━━ DATA ━━

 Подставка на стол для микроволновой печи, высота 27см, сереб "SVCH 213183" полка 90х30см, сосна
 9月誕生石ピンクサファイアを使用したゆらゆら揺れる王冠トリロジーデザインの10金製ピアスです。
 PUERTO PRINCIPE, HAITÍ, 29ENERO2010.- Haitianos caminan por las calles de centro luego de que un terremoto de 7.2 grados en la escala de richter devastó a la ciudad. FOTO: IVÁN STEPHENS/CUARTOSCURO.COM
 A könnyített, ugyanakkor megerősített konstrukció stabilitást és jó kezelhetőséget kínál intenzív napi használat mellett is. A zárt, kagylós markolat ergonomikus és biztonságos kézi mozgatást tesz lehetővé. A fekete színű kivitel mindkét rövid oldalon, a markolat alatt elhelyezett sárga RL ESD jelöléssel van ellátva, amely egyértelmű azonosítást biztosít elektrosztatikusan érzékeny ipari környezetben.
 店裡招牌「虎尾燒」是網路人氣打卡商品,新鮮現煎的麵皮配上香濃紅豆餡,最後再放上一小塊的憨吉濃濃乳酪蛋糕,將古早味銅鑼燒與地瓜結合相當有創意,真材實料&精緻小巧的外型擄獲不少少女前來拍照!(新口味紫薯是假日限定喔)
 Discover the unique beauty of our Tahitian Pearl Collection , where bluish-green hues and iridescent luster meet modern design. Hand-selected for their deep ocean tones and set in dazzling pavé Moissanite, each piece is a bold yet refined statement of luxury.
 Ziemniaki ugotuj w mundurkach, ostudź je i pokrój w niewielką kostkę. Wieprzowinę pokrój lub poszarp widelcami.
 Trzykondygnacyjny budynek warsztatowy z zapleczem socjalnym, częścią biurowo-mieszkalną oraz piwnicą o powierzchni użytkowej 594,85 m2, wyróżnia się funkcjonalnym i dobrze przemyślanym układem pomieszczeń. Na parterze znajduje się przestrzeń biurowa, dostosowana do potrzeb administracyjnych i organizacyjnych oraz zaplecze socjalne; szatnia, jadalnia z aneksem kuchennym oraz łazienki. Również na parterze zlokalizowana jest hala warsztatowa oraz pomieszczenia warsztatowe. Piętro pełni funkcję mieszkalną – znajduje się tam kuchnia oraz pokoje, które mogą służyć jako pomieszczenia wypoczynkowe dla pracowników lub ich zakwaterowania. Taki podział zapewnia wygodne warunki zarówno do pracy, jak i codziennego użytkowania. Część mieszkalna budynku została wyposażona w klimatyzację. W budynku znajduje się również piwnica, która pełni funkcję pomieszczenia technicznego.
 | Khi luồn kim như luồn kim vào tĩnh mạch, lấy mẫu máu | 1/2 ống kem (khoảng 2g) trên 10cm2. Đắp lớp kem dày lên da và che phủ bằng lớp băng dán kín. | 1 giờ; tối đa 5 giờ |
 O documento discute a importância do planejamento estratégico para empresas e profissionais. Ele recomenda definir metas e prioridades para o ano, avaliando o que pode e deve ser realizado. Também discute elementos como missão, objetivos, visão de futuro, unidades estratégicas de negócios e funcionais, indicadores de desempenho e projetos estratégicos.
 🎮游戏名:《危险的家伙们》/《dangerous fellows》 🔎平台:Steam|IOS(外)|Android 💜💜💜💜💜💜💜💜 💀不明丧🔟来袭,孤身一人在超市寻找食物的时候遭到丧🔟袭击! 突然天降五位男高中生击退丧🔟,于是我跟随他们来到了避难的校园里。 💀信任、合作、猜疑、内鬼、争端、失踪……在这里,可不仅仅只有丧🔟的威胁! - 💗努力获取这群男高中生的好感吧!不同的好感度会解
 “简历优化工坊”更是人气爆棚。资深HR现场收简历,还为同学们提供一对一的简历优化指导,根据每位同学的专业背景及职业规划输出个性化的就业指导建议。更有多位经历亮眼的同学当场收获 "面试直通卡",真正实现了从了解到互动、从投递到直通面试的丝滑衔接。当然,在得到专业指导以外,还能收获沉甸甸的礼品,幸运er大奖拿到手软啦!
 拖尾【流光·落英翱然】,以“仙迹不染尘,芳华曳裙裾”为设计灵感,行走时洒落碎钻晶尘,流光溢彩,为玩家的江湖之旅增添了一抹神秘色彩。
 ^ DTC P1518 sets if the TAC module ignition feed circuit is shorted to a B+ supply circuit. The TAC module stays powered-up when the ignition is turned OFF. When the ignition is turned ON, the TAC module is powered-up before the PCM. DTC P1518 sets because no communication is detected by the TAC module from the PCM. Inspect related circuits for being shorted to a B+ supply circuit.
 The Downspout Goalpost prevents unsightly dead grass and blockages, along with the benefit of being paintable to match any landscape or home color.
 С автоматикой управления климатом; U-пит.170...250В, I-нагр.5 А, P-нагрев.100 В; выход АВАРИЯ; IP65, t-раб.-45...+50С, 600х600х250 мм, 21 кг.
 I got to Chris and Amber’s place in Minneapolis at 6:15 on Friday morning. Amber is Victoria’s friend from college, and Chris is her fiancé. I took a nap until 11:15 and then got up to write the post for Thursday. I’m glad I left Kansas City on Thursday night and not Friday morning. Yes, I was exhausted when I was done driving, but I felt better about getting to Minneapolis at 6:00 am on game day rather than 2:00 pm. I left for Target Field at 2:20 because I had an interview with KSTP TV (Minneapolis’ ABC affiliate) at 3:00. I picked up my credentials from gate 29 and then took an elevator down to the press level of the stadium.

━━━

**WHAT THE EXERCISE ASKS**
Give again, exactly as written, every line from the first one above through the line that has "Ziemniaki ugotuj w" in it.

**ANSWER BOX**
 Подставка на стол для микроволновой печи, высота 27см, сереб "SVCH 213183" полка 90х30см, сосна
 9月誕生石ピンクサファイアを使用したゆらゆら揺れる王冠トリロジーデザインの10金製ピアスです。
 PUERTO PRINCIPE, HAITÍ, 29ENERO2010.- Haitianos caminan por las calles de centro luego de que un terremoto de 7.2 grados en la escala de richter devastó a la ciudad. FOTO: IVÁN STEPHENS/CUARTOSCURO.COM
 A könnyített, ugyanakkor megerősített konstrukció stabilitást és jó kezelhetőséget kínál intenzív napi használat mellett is. A zárt, kagylós markolat ergonomikus és biztonságos kézi mozgatást tesz lehetővé. A fekete színű kivitel mindkét rövid oldalon, a markolat alatt elhelyezett sárga RL ESD jelöléssel van ellátva, amely egyértelmű azonosítást biztosít elektrosztatikusan érzékeny ipari környezetben.
 店裡招牌「虎尾燒」是網路人氣打卡商品,新鮮現煎的麵皮配上香濃紅豆餡,最後再放上一小塊的憨吉濃濃乳酪蛋糕,將古早味銅鑼燒與地瓜結合相當有創意,真材實料&精緻小巧的外型擄獲不少少女前來拍照!(新口味紫薯是假日限定喔)
 Discover the unique beauty of our Tahitian Pearl Collection , where bluish-green hues and iridescent luster meet modern design. Hand-selected for their deep ocean tones and set in dazzling pavé Moissanite, each piece is a bold yet refined statement of luxury.
 Ziemniaki ugotuj w mundurkach, ostudź je i pokrój w niewielką kostkę. Wieprzowinę pokrój lub poszarp widelcami.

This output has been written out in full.